# Task objective
Repeat each entry as written, dropping any picture you find.
BEGIN Exercise data
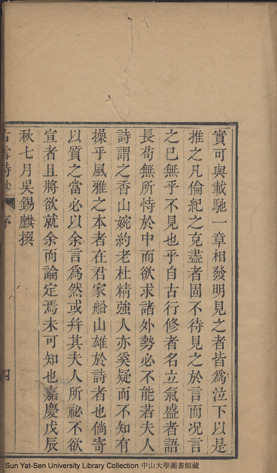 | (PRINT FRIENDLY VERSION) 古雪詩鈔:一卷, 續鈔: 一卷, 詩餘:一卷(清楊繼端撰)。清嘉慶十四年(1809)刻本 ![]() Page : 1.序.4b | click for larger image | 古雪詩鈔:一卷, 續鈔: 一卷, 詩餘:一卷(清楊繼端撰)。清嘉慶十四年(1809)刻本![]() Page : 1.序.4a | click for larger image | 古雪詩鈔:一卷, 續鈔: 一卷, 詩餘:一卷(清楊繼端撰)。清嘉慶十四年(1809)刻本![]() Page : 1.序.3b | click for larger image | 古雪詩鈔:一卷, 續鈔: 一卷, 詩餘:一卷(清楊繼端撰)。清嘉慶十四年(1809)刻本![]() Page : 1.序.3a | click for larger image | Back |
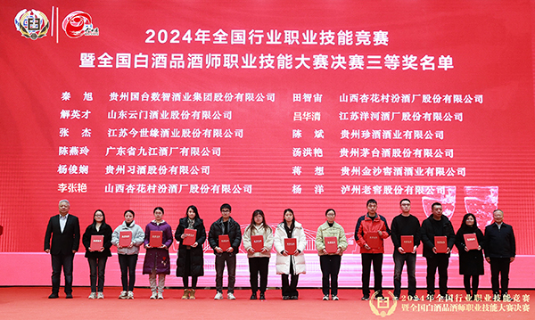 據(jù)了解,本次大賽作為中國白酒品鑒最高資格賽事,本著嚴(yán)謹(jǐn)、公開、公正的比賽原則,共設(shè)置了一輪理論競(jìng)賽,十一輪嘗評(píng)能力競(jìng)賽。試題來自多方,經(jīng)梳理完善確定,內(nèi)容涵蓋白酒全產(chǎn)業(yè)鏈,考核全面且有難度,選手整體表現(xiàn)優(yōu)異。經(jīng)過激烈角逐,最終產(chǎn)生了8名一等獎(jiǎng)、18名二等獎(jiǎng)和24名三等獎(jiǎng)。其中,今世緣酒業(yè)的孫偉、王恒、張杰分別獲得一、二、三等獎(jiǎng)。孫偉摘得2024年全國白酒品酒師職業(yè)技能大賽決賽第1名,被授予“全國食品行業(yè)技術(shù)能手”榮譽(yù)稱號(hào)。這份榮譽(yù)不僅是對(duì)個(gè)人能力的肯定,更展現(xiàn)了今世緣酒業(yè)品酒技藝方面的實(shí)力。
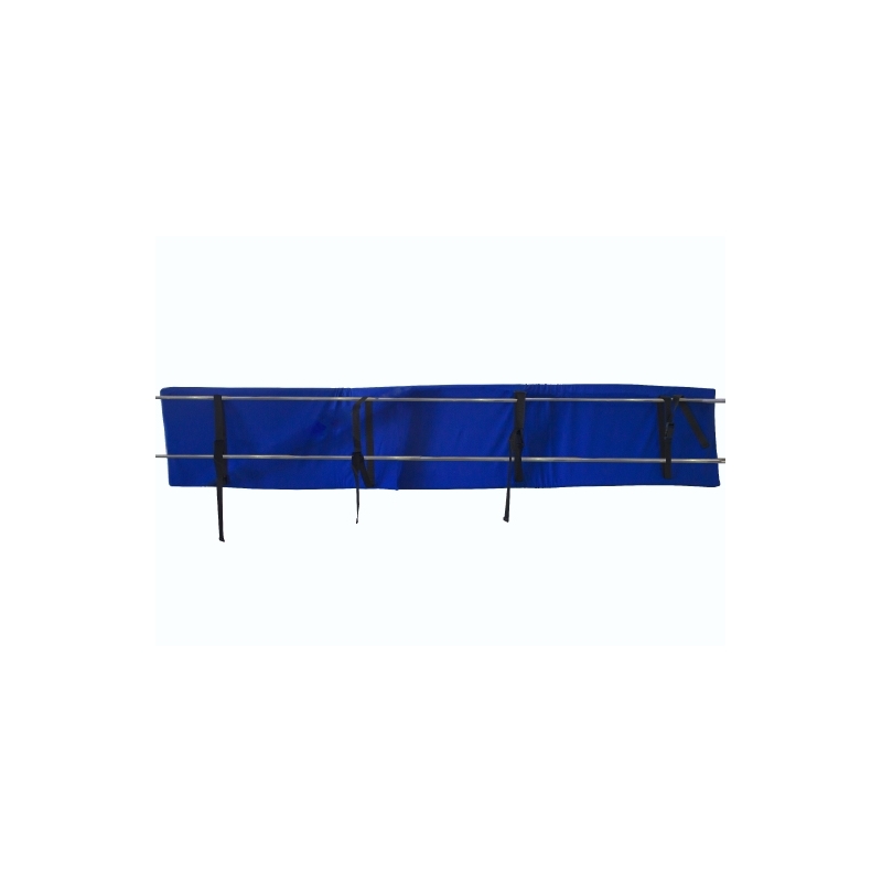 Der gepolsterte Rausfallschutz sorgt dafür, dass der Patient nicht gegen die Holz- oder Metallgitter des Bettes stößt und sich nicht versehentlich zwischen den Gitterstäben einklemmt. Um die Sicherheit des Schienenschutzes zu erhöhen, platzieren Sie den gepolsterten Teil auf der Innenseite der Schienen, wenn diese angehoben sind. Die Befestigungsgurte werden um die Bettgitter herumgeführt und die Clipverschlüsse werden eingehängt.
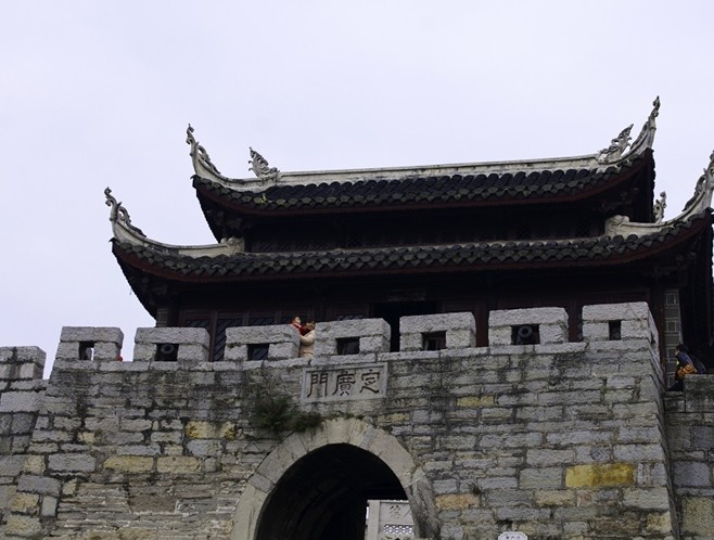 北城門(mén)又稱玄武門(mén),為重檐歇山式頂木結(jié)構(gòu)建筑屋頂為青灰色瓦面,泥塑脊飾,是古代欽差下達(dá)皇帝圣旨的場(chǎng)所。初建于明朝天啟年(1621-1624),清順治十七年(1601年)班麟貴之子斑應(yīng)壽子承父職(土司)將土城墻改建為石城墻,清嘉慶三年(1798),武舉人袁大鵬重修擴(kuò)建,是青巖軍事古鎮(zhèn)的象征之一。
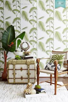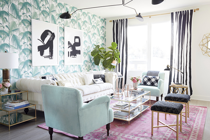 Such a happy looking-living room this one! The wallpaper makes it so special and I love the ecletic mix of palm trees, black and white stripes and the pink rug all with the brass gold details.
END Exercise data
# Task solution
 | (PRINT FRIENDLY VERSION) 古雪詩鈔:一卷, 續鈔: 一卷, 詩餘:一卷(清楊繼端撰)。清嘉慶十四年(1809)刻本 ![]() Page : 1.序.4b | click for larger image | 古雪詩鈔:一卷, 續鈔: 一卷, 詩餘:一卷(清楊繼端撰)。清嘉慶十四年(1809)刻本![]() Page : 1.序.4a | click for larger image | 古雪詩鈔:一卷, 續鈔: 一卷, 詩餘:一卷(清楊繼端撰)。清嘉慶十四年(1809)刻本![]() Page : 1.序.3b | click for larger image | 古雪詩鈔:一卷, 續鈔: 一卷, 詩餘:一卷(清楊繼端撰)。清嘉慶十四年(1809)刻本![]() Page : 1.序.3a | click for larger image | Back |
 據(jù)了解,本次大賽作為中國白酒品鑒最高資格賽事,本著嚴(yán)謹(jǐn)、公開、公正的比賽原則,共設(shè)置了一輪理論競(jìng)賽,十一輪嘗評(píng)能力競(jìng)賽。試題來自多方,經(jīng)梳理完善確定,內(nèi)容涵蓋白酒全產(chǎn)業(yè)鏈,考核全面且有難度,選手整體表現(xiàn)優(yōu)異。經(jīng)過激烈角逐,最終產(chǎn)生了8名一等獎(jiǎng)、18名二等獎(jiǎng)和24名三等獎(jiǎng)。其中,今世緣酒業(yè)的孫偉、王恒、張杰分別獲得一、二、三等獎(jiǎng)。孫偉摘得2024年全國白酒品酒師職業(yè)技能大賽決賽第1名,被授予“全國食品行業(yè)技術(shù)能手”榮譽(yù)稱號(hào)。這份榮譽(yù)不僅是對(duì)個(gè)人能力的肯定,更展現(xiàn)了今世緣酒業(yè)品酒技藝方面的實(shí)力。
 Der gepolsterte Rausfallschutz sorgt dafür, dass der Patient nicht gegen die Holz- oder Metallgitter des Bettes stößt und sich nicht versehentlich zwischen den Gitterstäben einklemmt. Um die Sicherheit des Schienenschutzes zu erhöhen, platzieren Sie den gepolsterten Teil auf der Innenseite der Schienen, wenn diese angehoben sind. Die Befestigungsgurte werden um die Bettgitter herumgeführt und die Clipverschlüsse werden eingehängt.
 北城門(mén)又稱玄武門(mén),為重檐歇山式頂木結(jié)構(gòu)建筑屋頂為青灰色瓦面,泥塑脊飾,是古代欽差下達(dá)皇帝圣旨的場(chǎng)所。初建于明朝天啟年(1621-1624),清順治十七年(1601年)班麟貴之子斑應(yīng)壽子承父職(土司)將土城墻改建為石城墻,清嘉慶三年(1798),武舉人袁大鵬重修擴(kuò)建,是青巖軍事古鎮(zhèn)的象征之一。
 Such a happy looking-living room this one! The wallpaper makes it so special and I love the ecletic mix of palm trees, black and white stripes and the pink rug all with the brass gold details.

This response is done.